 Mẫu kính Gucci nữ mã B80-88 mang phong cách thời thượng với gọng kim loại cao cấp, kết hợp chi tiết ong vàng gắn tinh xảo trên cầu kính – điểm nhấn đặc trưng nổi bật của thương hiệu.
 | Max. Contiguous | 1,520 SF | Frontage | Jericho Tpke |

::::

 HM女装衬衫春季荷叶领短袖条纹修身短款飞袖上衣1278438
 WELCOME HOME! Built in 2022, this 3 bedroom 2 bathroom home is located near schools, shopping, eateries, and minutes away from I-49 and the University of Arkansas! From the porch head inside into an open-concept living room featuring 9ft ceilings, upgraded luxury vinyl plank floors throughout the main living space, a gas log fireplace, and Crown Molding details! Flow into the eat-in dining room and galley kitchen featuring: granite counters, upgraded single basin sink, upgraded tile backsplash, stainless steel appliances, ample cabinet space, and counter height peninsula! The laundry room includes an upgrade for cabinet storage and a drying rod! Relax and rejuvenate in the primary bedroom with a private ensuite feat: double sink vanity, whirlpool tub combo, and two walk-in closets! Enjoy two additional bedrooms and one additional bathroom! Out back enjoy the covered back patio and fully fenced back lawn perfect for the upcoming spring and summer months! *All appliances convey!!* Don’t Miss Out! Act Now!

::::

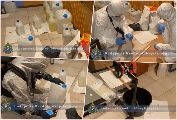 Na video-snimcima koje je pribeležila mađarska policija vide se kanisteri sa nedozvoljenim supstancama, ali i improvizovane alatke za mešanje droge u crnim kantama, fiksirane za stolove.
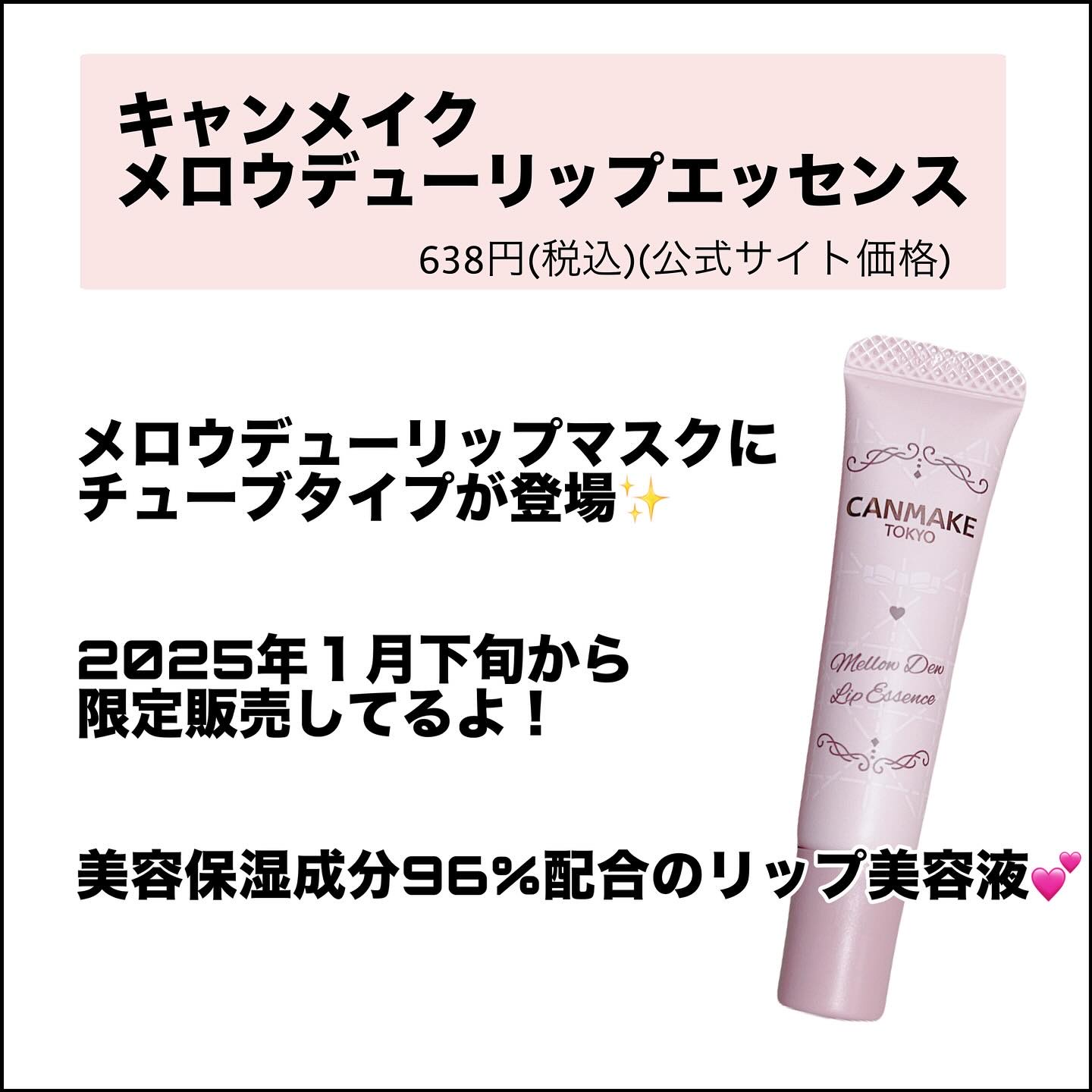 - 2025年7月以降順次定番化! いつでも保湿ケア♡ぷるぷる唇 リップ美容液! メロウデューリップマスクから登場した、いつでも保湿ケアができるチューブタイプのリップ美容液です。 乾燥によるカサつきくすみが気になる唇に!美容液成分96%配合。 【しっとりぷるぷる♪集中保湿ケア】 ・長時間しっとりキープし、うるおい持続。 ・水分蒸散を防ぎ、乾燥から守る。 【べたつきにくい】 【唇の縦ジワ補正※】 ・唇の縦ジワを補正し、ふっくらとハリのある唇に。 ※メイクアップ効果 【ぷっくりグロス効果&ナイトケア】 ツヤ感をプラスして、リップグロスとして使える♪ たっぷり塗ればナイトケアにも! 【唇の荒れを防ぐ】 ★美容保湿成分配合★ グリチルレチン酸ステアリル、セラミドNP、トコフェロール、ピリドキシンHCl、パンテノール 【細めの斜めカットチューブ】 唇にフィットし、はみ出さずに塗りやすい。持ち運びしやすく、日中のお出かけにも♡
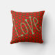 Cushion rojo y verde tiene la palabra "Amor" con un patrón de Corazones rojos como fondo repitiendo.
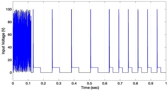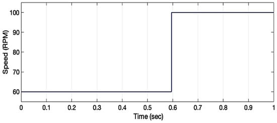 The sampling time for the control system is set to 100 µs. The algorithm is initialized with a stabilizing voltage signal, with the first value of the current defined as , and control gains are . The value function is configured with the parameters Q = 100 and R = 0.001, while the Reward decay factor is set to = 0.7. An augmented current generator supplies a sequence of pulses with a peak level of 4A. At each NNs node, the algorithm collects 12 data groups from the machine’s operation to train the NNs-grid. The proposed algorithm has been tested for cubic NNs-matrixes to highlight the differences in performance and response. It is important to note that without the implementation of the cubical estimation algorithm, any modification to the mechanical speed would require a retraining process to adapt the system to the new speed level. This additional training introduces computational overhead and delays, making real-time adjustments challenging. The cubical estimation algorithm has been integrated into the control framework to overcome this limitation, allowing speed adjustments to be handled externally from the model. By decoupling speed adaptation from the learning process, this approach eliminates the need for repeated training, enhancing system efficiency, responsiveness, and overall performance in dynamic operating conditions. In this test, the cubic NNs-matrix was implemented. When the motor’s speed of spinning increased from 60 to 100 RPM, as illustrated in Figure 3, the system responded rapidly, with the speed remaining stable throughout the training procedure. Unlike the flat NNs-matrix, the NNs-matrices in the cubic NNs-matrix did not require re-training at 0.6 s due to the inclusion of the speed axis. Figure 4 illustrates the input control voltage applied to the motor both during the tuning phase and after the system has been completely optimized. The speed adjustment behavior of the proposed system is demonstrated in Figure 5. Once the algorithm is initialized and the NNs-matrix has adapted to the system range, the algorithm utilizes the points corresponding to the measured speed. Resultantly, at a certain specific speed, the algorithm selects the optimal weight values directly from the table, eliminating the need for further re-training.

::::

- Problem requirements
Look back at the entries above and repeat, unchanged, every line from the line holding "Mẫu kính Gucci" through the line holding "Jericho Tpke |".

- Problem solution
 Mẫu kính Gucci nữ mã B80-88 mang phong cách thời thượng với gọng kim loại cao cấp, kết hợp chi tiết ong vàng gắn tinh xảo trên cầu kính – điểm nhấn đặc trưng nổi bật của thương hiệu.
 | Max. Contiguous | 1,520 SF | Frontage | Jericho Tpke |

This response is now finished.